# DATASET
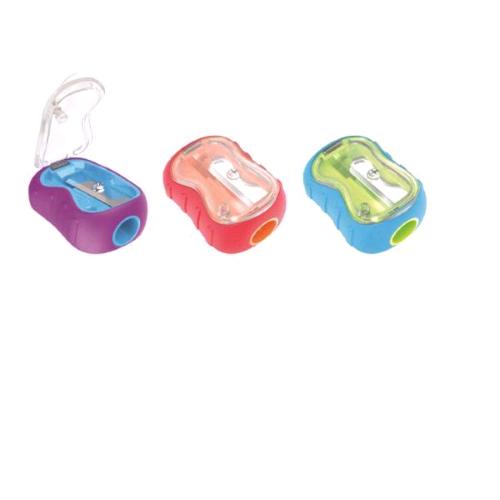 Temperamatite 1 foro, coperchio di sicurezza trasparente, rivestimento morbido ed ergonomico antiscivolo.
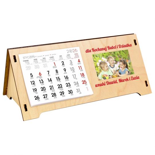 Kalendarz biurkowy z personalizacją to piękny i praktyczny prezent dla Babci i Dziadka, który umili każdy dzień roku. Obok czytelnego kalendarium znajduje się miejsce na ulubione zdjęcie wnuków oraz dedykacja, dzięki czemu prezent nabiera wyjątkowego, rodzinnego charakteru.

==

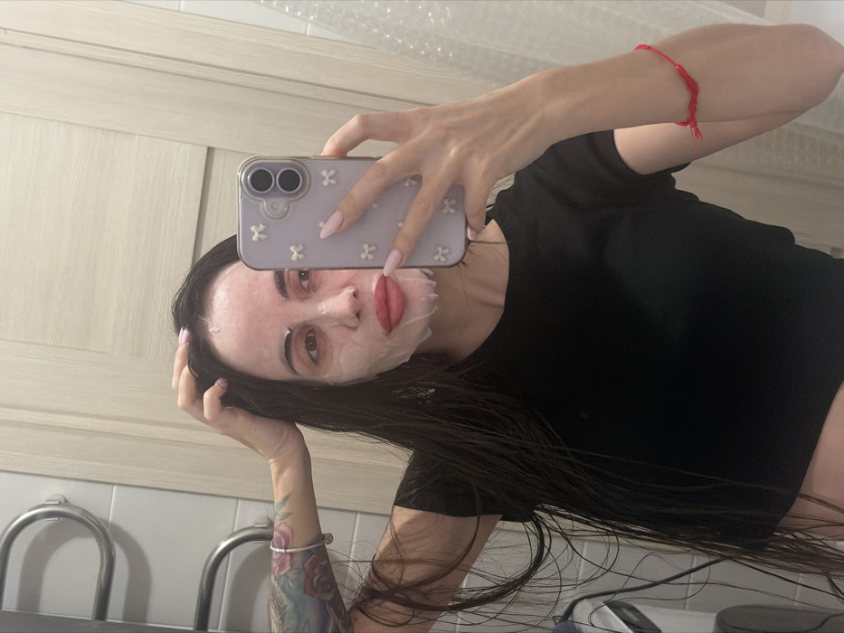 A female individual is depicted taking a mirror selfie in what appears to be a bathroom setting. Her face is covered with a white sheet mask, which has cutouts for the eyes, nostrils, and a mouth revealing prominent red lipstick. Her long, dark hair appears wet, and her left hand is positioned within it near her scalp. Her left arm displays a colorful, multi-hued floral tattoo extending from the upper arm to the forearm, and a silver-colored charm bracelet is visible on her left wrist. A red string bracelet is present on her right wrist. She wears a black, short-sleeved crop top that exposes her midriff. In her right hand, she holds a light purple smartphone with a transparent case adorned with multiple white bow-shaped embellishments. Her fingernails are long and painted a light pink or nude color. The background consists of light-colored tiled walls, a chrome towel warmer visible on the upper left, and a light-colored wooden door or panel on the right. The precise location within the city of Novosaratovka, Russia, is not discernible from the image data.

--

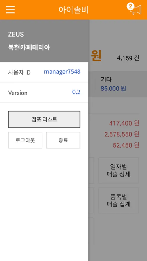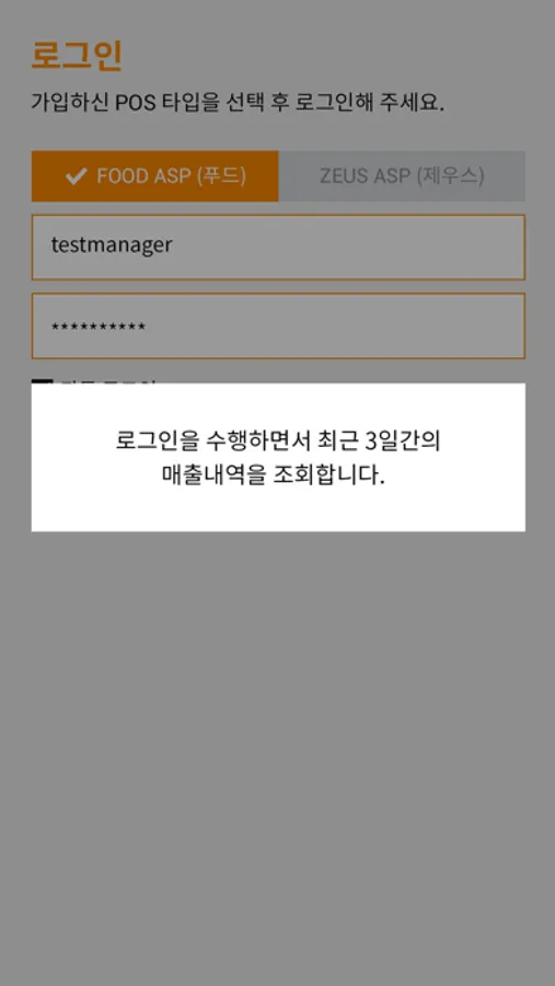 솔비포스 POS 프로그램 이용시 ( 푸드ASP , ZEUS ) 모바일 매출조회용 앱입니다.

# WHAT TO WORK ON
Look above for the line with "Temperamatite 1 foro, coperchio" and copy exactly from it through the line with "Kalendarz biurkowy z", both included. Omit the pictures.

# TASK OUTPUT
 Temperamatite 1 foro, coperchio di sicurezza trasparente, rivestimento morbido ed ergonomico antiscivolo.
 Kalendarz biurkowy z personalizacją to piękny i praktyczny prezent dla Babci i Dziadka, który umili każdy dzień roku. Obok czytelnego kalendarium znajduje się miejsce na ulubione zdjęcie wnuków oraz dedykacja, dzięki czemu prezent nabiera wyjątkowego, rodzinnego charakteru.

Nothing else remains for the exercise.